Open alfredox10 opened 7 years ago
What happens when you try to use only GPU 1? The GPU selection is per-thread, do you have other threads running in your app?
It's important to set_device()
before set_mode_gpu()
like so:
caffe.set_device(gpu_slot)
caffe.set_mode_gpu()
rcnn_net = caffe.Net(prototxt, caffemodel, caffe.TEST)
Why the order of two setting statements matters? @shelhamer @cypof
Full error:
F0407 22:35:23.664752 27364 syncedmem.hpp:22] Check failed: error == cudaSuccess (77 vs. 0) an illegal memory access was encountered
Issue summary
This happens when I'm trying to run image detection using trained rcnn models on a python script that splits a stream of images into multiple python sub-processes and loads models for each GPU under each child process. I always see the memory go up on GPU 0, but not on the other 8 GPUs available in the system. I am trying to implement parallel GPU detection by splitting the task to 8 GPUs on a p2.8xlarge AWS ec2 instance.

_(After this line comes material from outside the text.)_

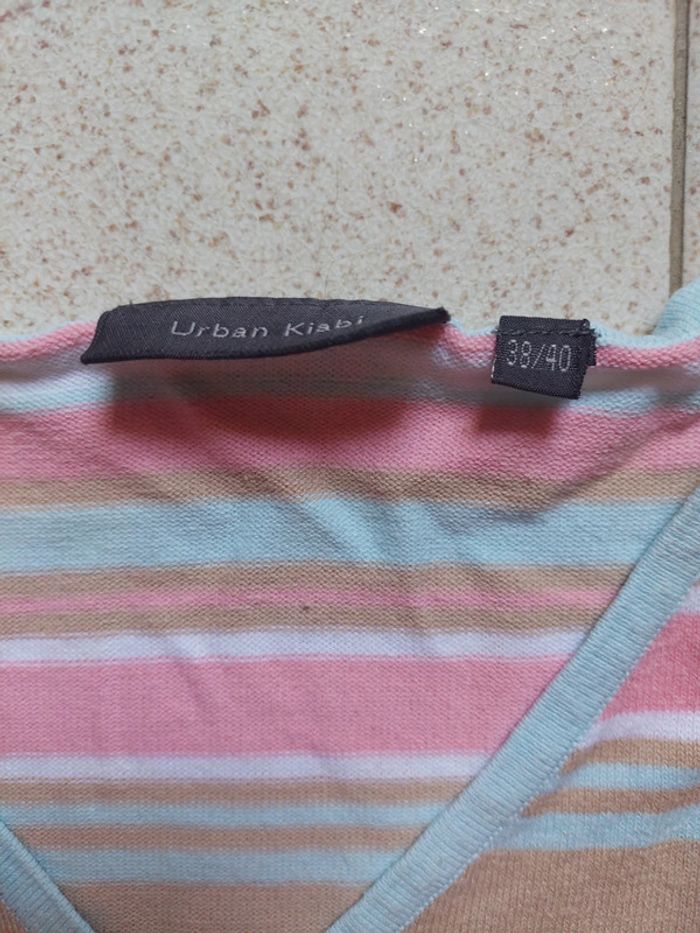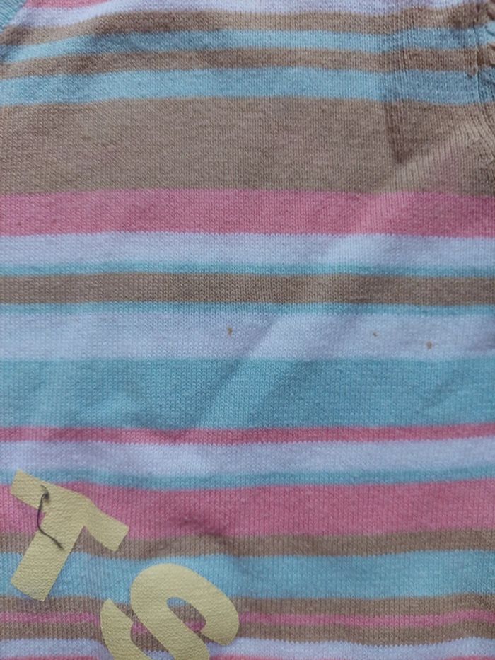 Pull à rayures, col V. 2 petits points colorés sur une bande blanche (voir photo). Kiabi, taille 38-40 #femmeaurelilou34
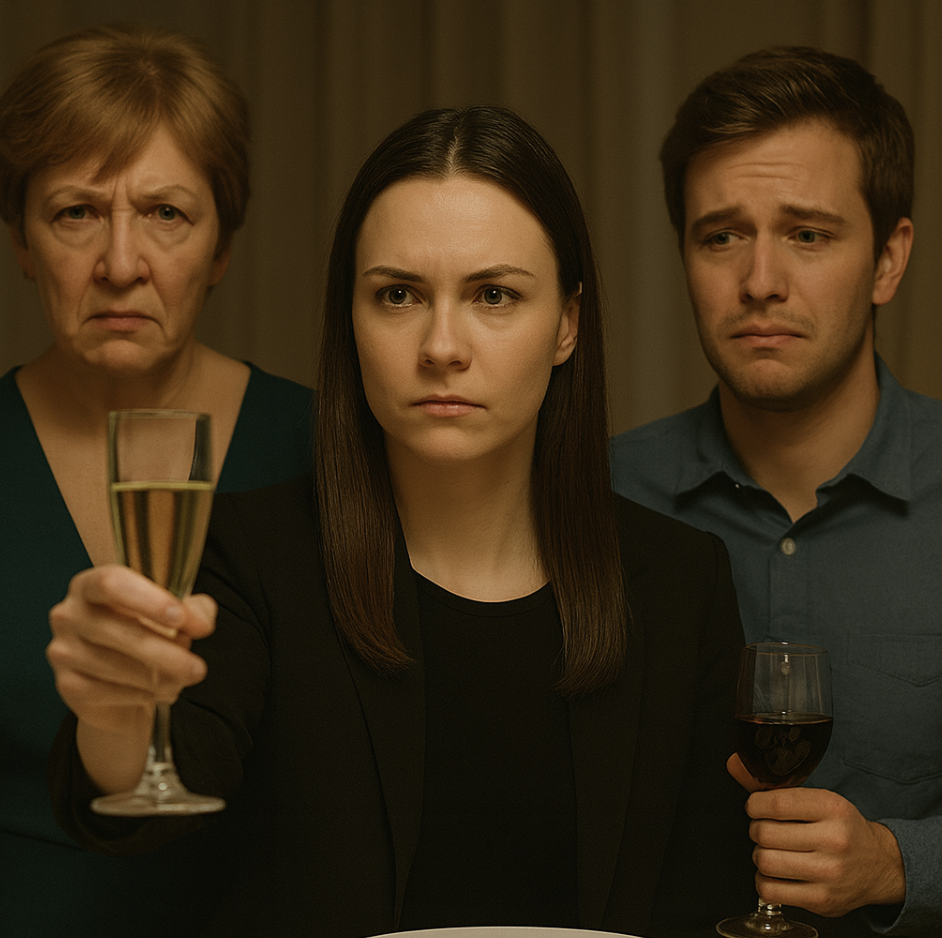 В помещении нависла тяжёлая тишина. Глаза гостей метались куда угодно — лишь бы не на Марину и не на Валентину. Свекровь покраснела. Марина не шелохнулась. Внутри её было не стыдно — холодно и даже светло. Будто всё вдруг стало предельно ясно.

Has anyone seen this? I know caffe isn't optimized for multi-GPU training but I did not think there would be any issues if I split up the processes independently and just ran detections on each GPU?
I am using this command in python to set each GPU in each subprocess: caffe.set_mode_gpu() caffe.set_device(gpu_slot) rcnn_net = caffe.Net(prototxt, caffemodel, caffe.TEST)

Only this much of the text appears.